Modern Career Management

Wikipedia says that career management is the combination of structured planning and the active management choice of one's own professional career. The outcome of successful career management should include personal fulfilment, work/life balance, goal achievement and financial security.

Workers are experiencing more mobility generally in their careers, spending less time with one employer and making major career changes throughout their working life. The way we work now is characterised by disruption, temporary, contract and contingent work assignments, and we have to think differently about career progression.

In the current environment it is likely that most people will change careers several times during their lifetime. This means that career management is an important life skill to acquire and cultivate. We think it is important that you are committed to developing your personal and professional skills in order to make the most out your strengths and potential.

Options and choices

There is no one size fits all solution and you will need to review options and review aspects of your career management plan from time to time throughout your working life.

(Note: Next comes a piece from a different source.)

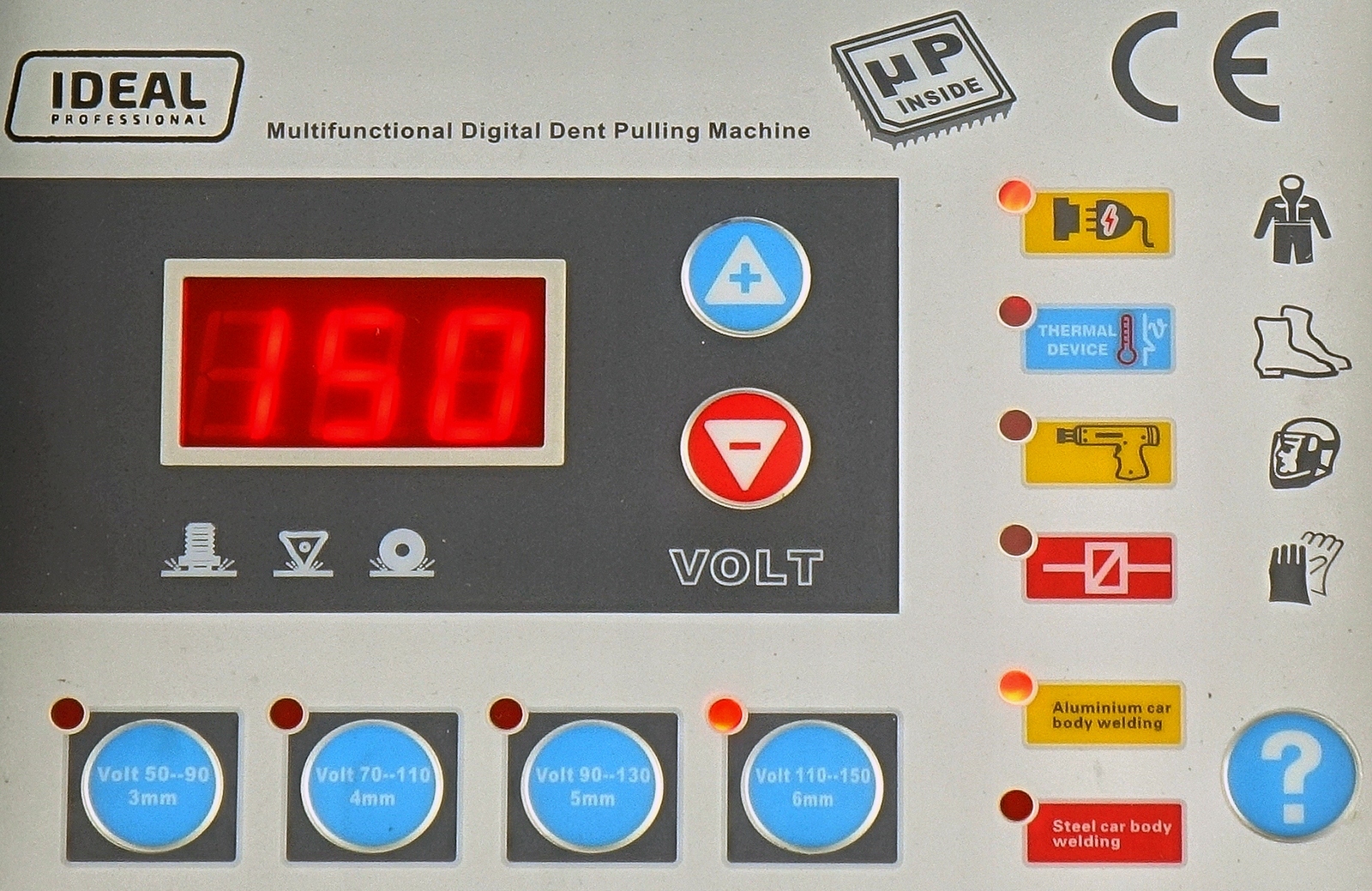 Это устройство с микропроцессорным управлением для удаления вмятин на алюминиевых и стальных кузовах автомобилей, эксплуатации по принципу электрических разрядов. Источник питается от однофазной сети напряжением 230В. Спотер предназначен для приваривания шпилек диаметром 3–6 мм к алюминиевым корпусам, а также треугольных и люверсных шайб М10/12 к стальным корпусам.

Your starting point should be developing an awareness of what is important in terms of your career development. This should include reflection on key drivers, skills, interests, personality, your values and how they affect your career choices.

Take stock of your current position and identify skills, experience and qualifications that will aid career progression; assess individual experience; identify gaps in light of what is required to move on; and think how to accrue the relevant experience. For some roles, your specific technical or specialist skills may be particularly important but most employers will be interested in your ‘transferable’ or generic skills.

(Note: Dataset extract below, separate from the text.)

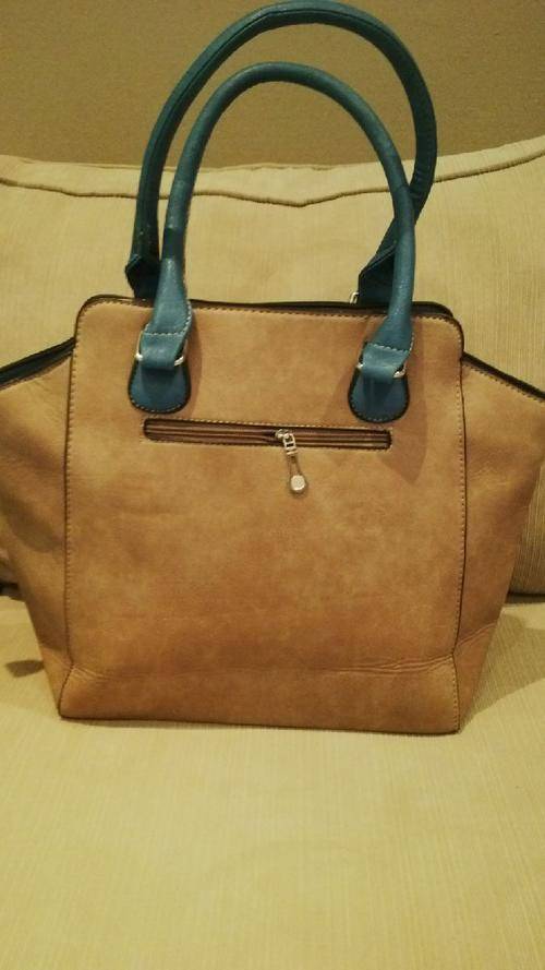 Stunning Ladies Beige/Blue PU Leather Handbag With Pretty Detail & Design...Beautiful Piece!...

After some rigorous self-appraisal you can start exploring options and assess what are likely to be realistic choices in view of what you have to offer in the current job market and in light of the opportunities available. You should also consider what you can do to improve your chances (i.e. how to remedy any gaps in your skills or experience) and do some serious networking with relevant contacts to help your decision-making. You need clarity around how best to achieve your goals and devise contingency plans in case your initial choices do not work out successfully.

Plan for success

There are things you can do to improve your chance of success:

  • Keep an eye on relevant journals and websites for information, contacts and vacancies
  • Talking to your colleagues and peers who may have a network of contacts you can explore
  • Network at conferences with other delegates to find out what areas of work are of interest to them and following up relevant leads
  • Enhance your commercial awareness (via networking, collaborations, social media)
  • Investigate your options through networking and research
  • Look for job ideas from professional body web pages  or from a specialist publication in your field
  • Gain extra skills or qualifications, e.g. languages, proof-reading, learning a new software program

If you are looking to take a new direction in your career consider occupations which will capitalise on your existing strengths, e.g. those with good problem-solving skills might consider management consultancy, logistics or IT; those with demonstrable writing ability might consider technical writing.

Career management is an ongoing activity and good career management will help you plan an effective strategy for achieving your short and long-term goals.